Information shown ::
***

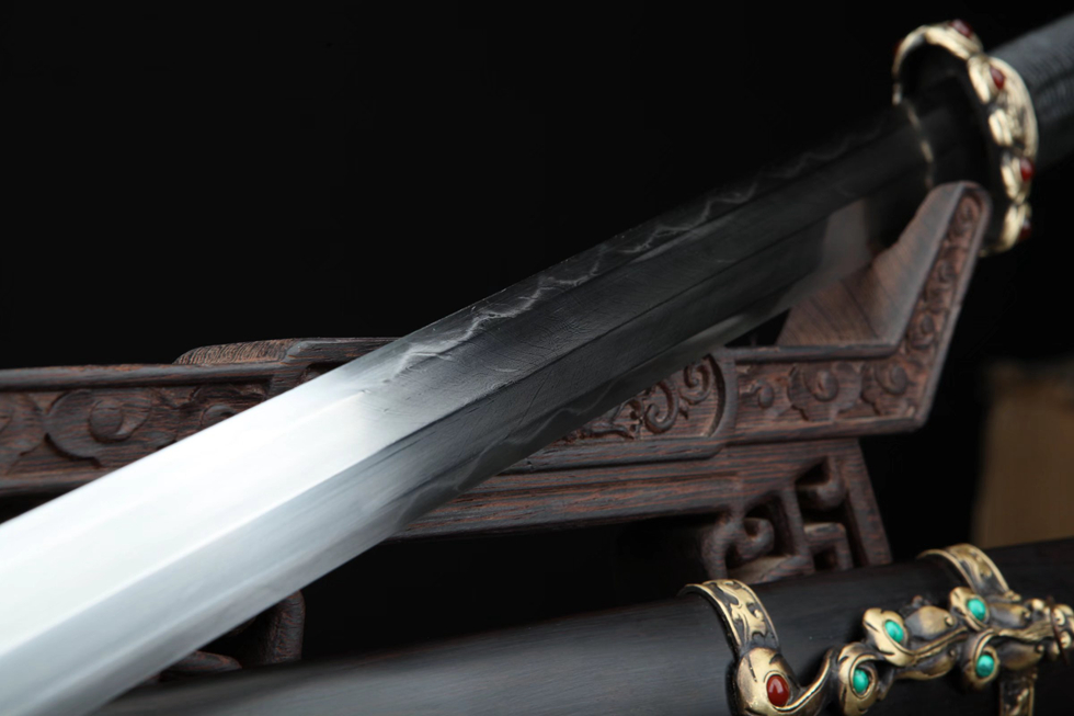 剑鞘:优质黑檀木;剑身:百炼花纹钢、手工锻造、精细手磨18132000。花纹钢烧刃另加155、羽毛纹烧刃另加625
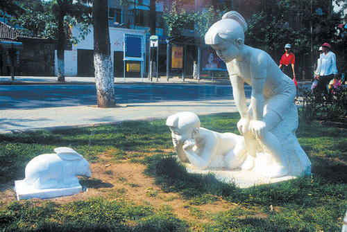 石材雕塑展示。石雕,指用各種可雕、可刻的石頭,創(chuàng)造出具有一定空間的可視、可觸的藝術(shù)形象,借以反映社會(huì)生活、表達(dá)藝術(shù)家的審美感受、審美情感、審美理想的藝術(shù)。常用的石材有花崗石、大理石、青石、砂石等。石材質(zhì)量堅(jiān)硬耐風(fēng)化,是大型紀(jì)念性雕塑的主要材料。
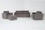 3. Basil Grey Brown Fabric 4 Piece Queen Memory Foam Sleeper Sofa Bed Loveseat Armchair & Ottoman Set
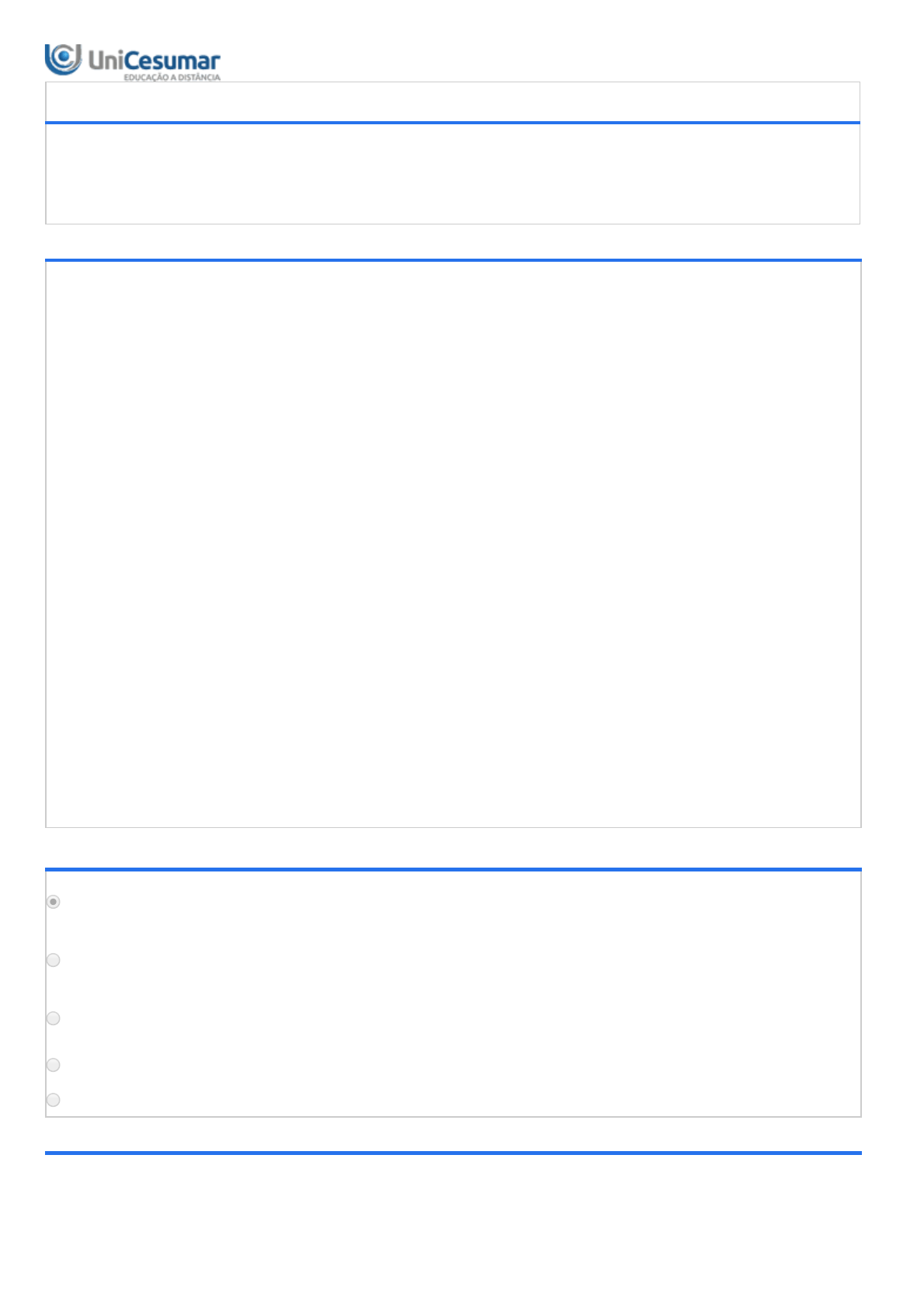 01/03/2020 Unicesumar - Ensino a Distância 1/7 ATIVIDADE 3 - ENG SOFT - ADMINISTRAÇÃO DE CONFLITOS E RELACIONAMENTOS - 2019A1.2 Período:18/03/2019 08:00 a 02/04/2019 23:59 (Horário de Brasília) Status:ENCERRADO Nota máxima:0,50 Gabarito:Gabarito será liberado no dia 03/04/2019 00:00 (Horário de Brasília) Nota obtida:0,50 1ª QUESTÃO Como vimos em nosso material didático, existem diferentes variáveis que influenciam no comportamento organizacional: variáveis independentes, variáveis dependentes, variáveis intermediárias e variáveis resultantes. FILIPPIN, M.; SILVA, P. R. da; KOYAMA, R. E. Administração de Conflitos e Relacionamentos. UniCesumar: Maringá. 2018. Sendo assim, associe as duas colunas relacionando a variável com as características correspondentes: (1) Variáveis resultantes. (2) Variáveis dependentes. (3) Variáveis intermediárias. (4) Variáveis independentes. ( ) São resultantes das variáveis dependentes e independentes do comportamento organizacional. ( ) Podem ser classificadas com variáveis no nível do sistema organizacional, no nível do grupo e no nível individual. ( ) São frutos que resultaram das variáveis intermediárias do comportamento organizacional. ( ) Alguns exemplos dessas variáveis são a rotação de funcionários, o absenteísmo e a satisfação no trabalho. A sequência correta dessa classificação é: ALTERNATIVAS (3), (4), (1), (2). (1), (2), (3), (4). (2), (3), (1), (4). (4), (3), (1), (2). (3), (1), (4), (2). 2ª QUESTÃO 01/03/2020 Unicesumar - Ensino a Distância 2/7 No decorrer da formação profissional de um indivíduo este absorve informações relevantes a atividade que pretende desempenhar, porém não é apenas no ambiente acadêmico que este fato ocorre, as vivências e experiências que teve no decorrer da vida tem um grau considerável de relevância. A unificação dessas informações caracteriza o conhecimento que este indivíduo possui, ou seja, por mais que duas pessoas tenha a mesma formação, seu diferencial para seus possíveis empregadores será suas vivências e as particularidades de seus conhecimentos, pois antes as empresas priorizavam apenas o investimento na produção, hoje o foco se divide com pessoas que possibilitem melhores resultados produtivos de acordo com suas aptidões. FILLIPIN, Marcelo; SILVA, Patrícia Rodrigues da; KOYAMA, Renata Emy. Administração de Conflitos e Relacionamentos. Maringá – PR.: UniCesumar, 2018. Diante deste cenário e também no conceito de sociedade do conhecimento trabalhado na disciplina, analise as alternativas abaixo e em seguida assinale aquela que melhor condiz com o texto apresentado. ALTERNATIVAS Capital Social. Capital Humano. Investimentos Humanos. Valores de conhecimentos. Desenvolvimento intelectual. Atenção! Questão anulada. ALTERNATIVAS (4), (2), (3), (1). (4), (3), (2), (1). (3), (4), (1), (2). (1), (4), (3), (2). (2), (3), (1), (4). 4ª QUESTÃO O líder, na verdade, não é o super-homem ou a mulher maravilha que muitos imaginam ou querem demonstrar ser. Esse é um mito criado para atender as expectativas da sociedade, que são especialmente fortes nos países onde a cultura enaltece o fazer, a agressividade, a ousadia e as relações de poder. O autor Maximiano (2004), destaca que a liderança precisa ser vista como um processo social no qual interage um conjunto de variáveis, que compõem o ambiente organizacional. Disponível em: <httpss://goo.gl/vVA5vH>. Acesso em: 19 fev. 2018. Sendo assim, diante do que foi estudado sobre a liderança, para conduzir a organização é necessário: ALTERNATIVAS 01/03/2020 Unicesumar - Ensino a Distância 3/7 O exercício da liderança em seu sentido completo, para que dessa forma se conduza a empresa de acordo com os seus objetivos e a sua missão. Somente o exercício da liderança orientada para as pessoas, já que dessa forma garante-se os bons relacionamentos e os conflitos são eliminados. Que o líder seja somente orientado para a tarefa, pois, garantirá que o trabalho seja realizado sem que aspirações pessoais atrapalhem o processo. A plenitude do exercício da liderança diretiva, concentrando todo o poder de decisão no liderar, ou seja, sem a participação de qualquer outra pessoa. Trocar frequentemente os membros das equipes de trabalho, visto que com o tempo as pessoas passam a atrapalhar o desempenho do líder dentro da organização. 5ª QUESTÃO Dentre os elementos presentes na dinâmica organizacional, um deles torna-se essencial, principalmente no que diz respeito à gestão de pessoas: a necessidade de aprimorar as competências dos colaboradores. É necessário aprimorar o conhecimento técnico, o talento, as habilidades comportamentais, como também a capacidade de inovação dos indivíduos. FILIPIN, Marcelo; SILVA, Patrícia Rodrigues da; KOYAMA, Renata Emy. Administração de Conflitos e Relacionamentos. Maringá-Pr. Unicesumar, 2018. (Adaptado) Considerando este elemento, leia as afirmações abaixo. I. O treinamento e o desenvolvimento das pessoas são processos utilizados para aprimorar suas capacidades de trabalho dentro e fora dos ambientes organizacionais. II. O treinamento pode ser caracterizado como um processo orientado para questões que visem o desempenho no curto prazo. III. O processo de desenvolvimento de pessoas, quando possível, deve ser evitado pelas organizações, pois, corre-se o risco de apenas preparar talentos para a concorrência. IV. Desenvolver pessoas é principalmente dar-lhes formação básica para o crescimento pessoal não apenas para o cargo presente, mas também para a carreira fora da empresa. É correto o que se afirma em: ALTERNATIVAS I e II apenas. II e III apenas. I, II e IV apenas. I, III e IV apenas. I, II, III e IV. 6ª QUESTÃO 01/03/2020 Unicesumar - Ensino a Distância 4/7 O __________________ é resultado da Administração Científica que foi desenvolvida em meio a um processo de transformação gerado pela segunda Revolu

***

Task to carry out ::
Print all the lines above exactly as they are, but without the pictures.

Written response ::
 剑鞘:优质黑檀木;剑身:百炼花纹钢、手工锻造、精细手磨18132000。花纹钢烧刃另加155、羽毛纹烧刃另加625
 石材雕塑展示。石雕,指用各種可雕、可刻的石頭,創(chuàng)造出具有一定空間的可視、可觸的藝術(shù)形象,借以反映社會(huì)生活、表達(dá)藝術(shù)家的審美感受、審美情感、審美理想的藝術(shù)。常用的石材有花崗石、大理石、青石、砂石等。石材質(zhì)量堅(jiān)硬耐風(fēng)化,是大型紀(jì)念性雕塑的主要材料。
 3. Basil Grey Brown Fabric 4 Piece Queen Memory Foam Sleeper Sofa Bed Loveseat Armchair & Ottoman Set
 01/03/2020 Unicesumar - Ensino a Distância 1/7 ATIVIDADE 3 - ENG SOFT - ADMINISTRAÇÃO DE CONFLITOS E RELACIONAMENTOS - 2019A1.2 Período:18/03/2019 08:00 a 02/04/2019 23:59 (Horário de Brasília) Status:ENCERRADO Nota máxima:0,50 Gabarito:Gabarito será liberado no dia 03/04/2019 00:00 (Horário de Brasília) Nota obtida:0,50 1ª QUESTÃO Como vimos em nosso material didático, existem diferentes variáveis que influenciam no comportamento organizacional: variáveis independentes, variáveis dependentes, variáveis intermediárias e variáveis resultantes. FILIPPIN, M.; SILVA, P. R. da; KOYAMA, R. E. Administração de Conflitos e Relacionamentos. UniCesumar: Maringá. 2018. Sendo assim, associe as duas colunas relacionando a variável com as características correspondentes: (1) Variáveis resultantes. (2) Variáveis dependentes. (3) Variáveis intermediárias. (4) Variáveis independentes. ( ) São resultantes das variáveis dependentes e independentes do comportamento organizacional. ( ) Podem ser classificadas com variáveis no nível do sistema organizacional, no nível do grupo e no nível individual. ( ) São frutos que resultaram das variáveis intermediárias do comportamento organizacional. ( ) Alguns exemplos dessas variáveis são a rotação de funcionários, o absenteísmo e a satisfação no trabalho. A sequência correta dessa classificação é: ALTERNATIVAS (3), (4), (1), (2). (1), (2), (3), (4). (2), (3), (1), (4). (4), (3), (1), (2). (3), (1), (4), (2). 2ª QUESTÃO 01/03/2020 Unicesumar - Ensino a Distância 2/7 No decorrer da formação profissional de um indivíduo este absorve informações relevantes a atividade que pretende desempenhar, porém não é apenas no ambiente acadêmico que este fato ocorre, as vivências e experiências que teve no decorrer da vida tem um grau considerável de relevância. A unificação dessas informações caracteriza o conhecimento que este indivíduo possui, ou seja, por mais que duas pessoas tenha a mesma formação, seu diferencial para seus possíveis empregadores será suas vivências e as particularidades de seus conhecimentos, pois antes as empresas priorizavam apenas o investimento na produção, hoje o foco se divide com pessoas que possibilitem melhores resultados produtivos de acordo com suas aptidões. FILLIPIN, Marcelo; SILVA, Patrícia Rodrigues da; KOYAMA, Renata Emy. Administração de Conflitos e Relacionamentos. Maringá – PR.: UniCesumar, 2018. Diante deste cenário e também no conceito de sociedade do conhecimento trabalhado na disciplina, analise as alternativas abaixo e em seguida assinale aquela que melhor condiz com o texto apresentado. ALTERNATIVAS Capital Social. Capital Humano. Investimentos Humanos. Valores de conhecimentos. Desenvolvimento intelectual. Atenção! Questão anulada. ALTERNATIVAS (4), (2), (3), (1). (4), (3), (2), (1). (3), (4), (1), (2). (1), (4), (3), (2). (2), (3), (1), (4). 4ª QUESTÃO O líder, na verdade, não é o super-homem ou a mulher maravilha que muitos imaginam ou querem demonstrar ser. Esse é um mito criado para atender as expectativas da sociedade, que são especialmente fortes nos países onde a cultura enaltece o fazer, a agressividade, a ousadia e as relações de poder. O autor Maximiano (2004), destaca que a liderança precisa ser vista como um processo social no qual interage um conjunto de variáveis, que compõem o ambiente organizacional. Disponível em: <httpss://goo.gl/vVA5vH>. Acesso em: 19 fev. 2018. Sendo assim, diante do que foi estudado sobre a liderança, para conduzir a organização é necessário: ALTERNATIVAS 01/03/2020 Unicesumar - Ensino a Distância 3/7 O exercício da liderança em seu sentido completo, para que dessa forma se conduza a empresa de acordo com os seus objetivos e a sua missão. Somente o exercício da liderança orientada para as pessoas, já que dessa forma garante-se os bons relacionamentos e os conflitos são eliminados. Que o líder seja somente orientado para a tarefa, pois, garantirá que o trabalho seja realizado sem que aspirações pessoais atrapalhem o processo. A plenitude do exercício da liderança diretiva, concentrando todo o poder de decisão no liderar, ou seja, sem a participação de qualquer outra pessoa. Trocar frequentemente os membros das equipes de trabalho, visto que com o tempo as pessoas passam a atrapalhar o desempenho do líder dentro da organização. 5ª QUESTÃO Dentre os elementos presentes na dinâmica organizacional, um deles torna-se essencial, principalmente no que diz respeito à gestão de pessoas: a necessidade de aprimorar as competências dos colaboradores. É necessário aprimorar o conhecimento técnico, o talento, as habilidades comportamentais, como também a capacidade de inovação dos indivíduos. FILIPIN, Marcelo; SILVA, Patrícia Rodrigues da; KOYAMA, Renata Emy. Administração de Conflitos e Relacionamentos. Maringá-Pr. Unicesumar, 2018. (Adaptado) Considerando este elemento, leia as afirmações abaixo. I. O treinamento e o desenvolvimento das pessoas são processos utilizados para aprimorar suas capacidades de trabalho dentro e fora dos ambientes organizacionais. II. O treinamento pode ser caracterizado como um processo orientado para questões que visem o desempenho no curto prazo. III. O processo de desenvolvimento de pessoas, quando possível, deve ser evitado pelas organizações, pois, corre-se o risco de apenas preparar talentos para a concorrência. IV. Desenvolver pessoas é principalmente dar-lhes formação básica para o crescimento pessoal não apenas para o cargo presente, mas também para a carreira fora da empresa. É correto o que se afirma em: ALTERNATIVAS I e II apenas. II e III apenas. I, II e IV apenas. I, III e IV apenas. I, II, III e IV. 6ª QUESTÃO 01/03/2020 Unicesumar - Ensino a Distância 4/7 O __________________ é resultado da Administração Científica que foi desenvolvida em meio a um processo de transformação gerado pela segunda Revolu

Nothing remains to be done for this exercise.